Extracted entries:
=== Begin Enclosure ===
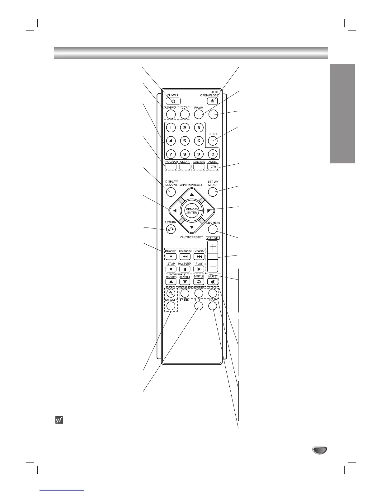 This remote control use the same buttons for VCR and DVD functions (ex. PLAY).
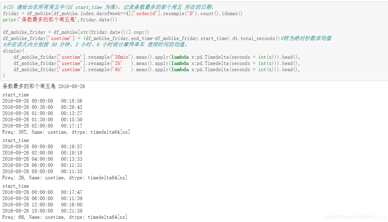(3) 请给出在所有周五中(以 start_time 为准),记录条数最多的那个周五 所在的日期,并在该天内分别按 30 分钟、2 小时、6 小时统计摩拜单车 使用时间的均值。
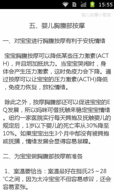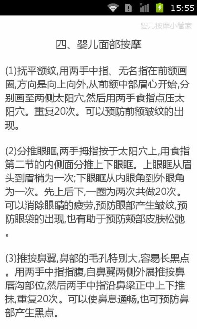 婴儿按摩不仅是父母与宝宝情感沟通的桥梁,还有利于宝宝的健康。婴儿按摩具有帮助宝宝加快新陈代谢、减轻肌肉紧张等功效。通过对宝宝皮肤的刺激使身体产生更多的荷尔蒙,促进对食物的消化、吸收和排泄,加快体重的增长。按摩活动了宝宝全身的肌肉,使肢体长得更健壮,身体更健康。按摩还能帮助婴儿睡眠,减少烦躁情绪。赶快给你的孩子按按摩吧。
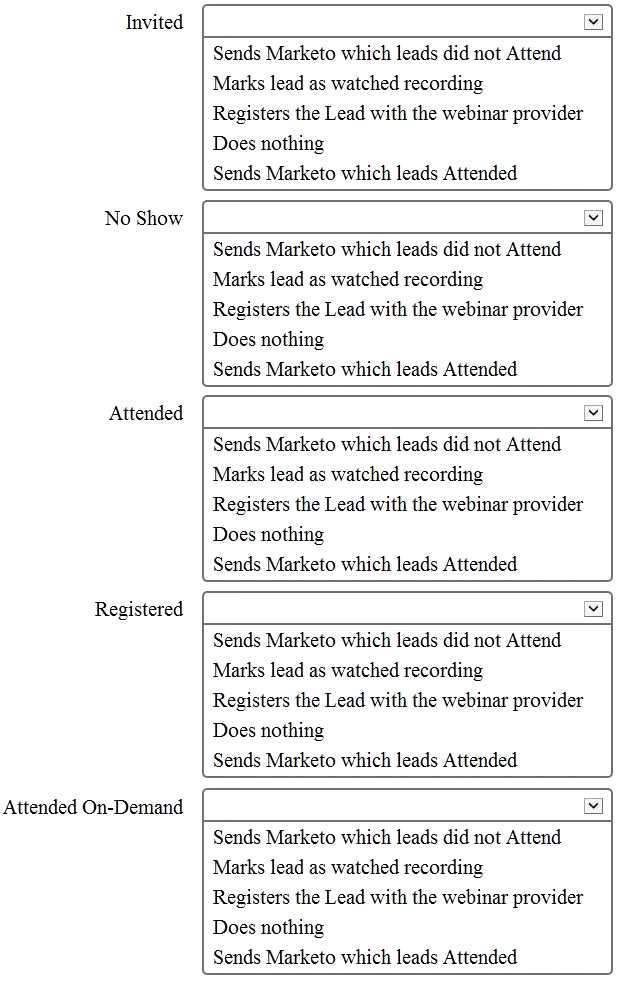 Match each Webinar Program Status with its effect on the webinar provider or Marketo. Answer options may be used more than once or not at all.
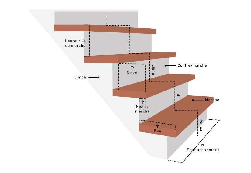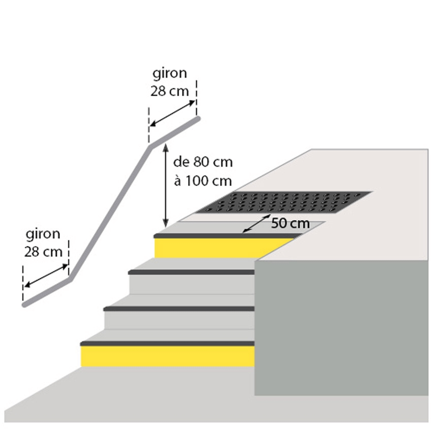 Normes PMR hauteur entre 80cm et 100cm, Partie droite en début et fin de palier 28cm, bande d’éveil à 50cm
=== End Enclosure ===
The problem:
For every entry above, write it out exactly and remove any image.

Solution to this task:
 This remote control use the same buttons for VCR and DVD functions (ex. PLAY).
(3) 请给出在所有周五中(以 start_time 为准),记录条数最多的那个周五 所在的日期,并在该天内分别按 30 分钟、2 小时、6 小时统计摩拜单车 使用时间的均值。
 婴儿按摩不仅是父母与宝宝情感沟通的桥梁,还有利于宝宝的健康。婴儿按摩具有帮助宝宝加快新陈代谢、减轻肌肉紧张等功效。通过对宝宝皮肤的刺激使身体产生更多的荷尔蒙,促进对食物的消化、吸收和排泄,加快体重的增长。按摩活动了宝宝全身的肌肉,使肢体长得更健壮,身体更健康。按摩还能帮助婴儿睡眠,减少烦躁情绪。赶快给你的孩子按按摩吧。
 Match each Webinar Program Status with its effect on the webinar provider or Marketo. Answer options may be used more than once or not at all.
 Normes PMR hauteur entre 80cm et 100cm, Partie droite en début et fin de palier 28cm, bande d’éveil à 50cm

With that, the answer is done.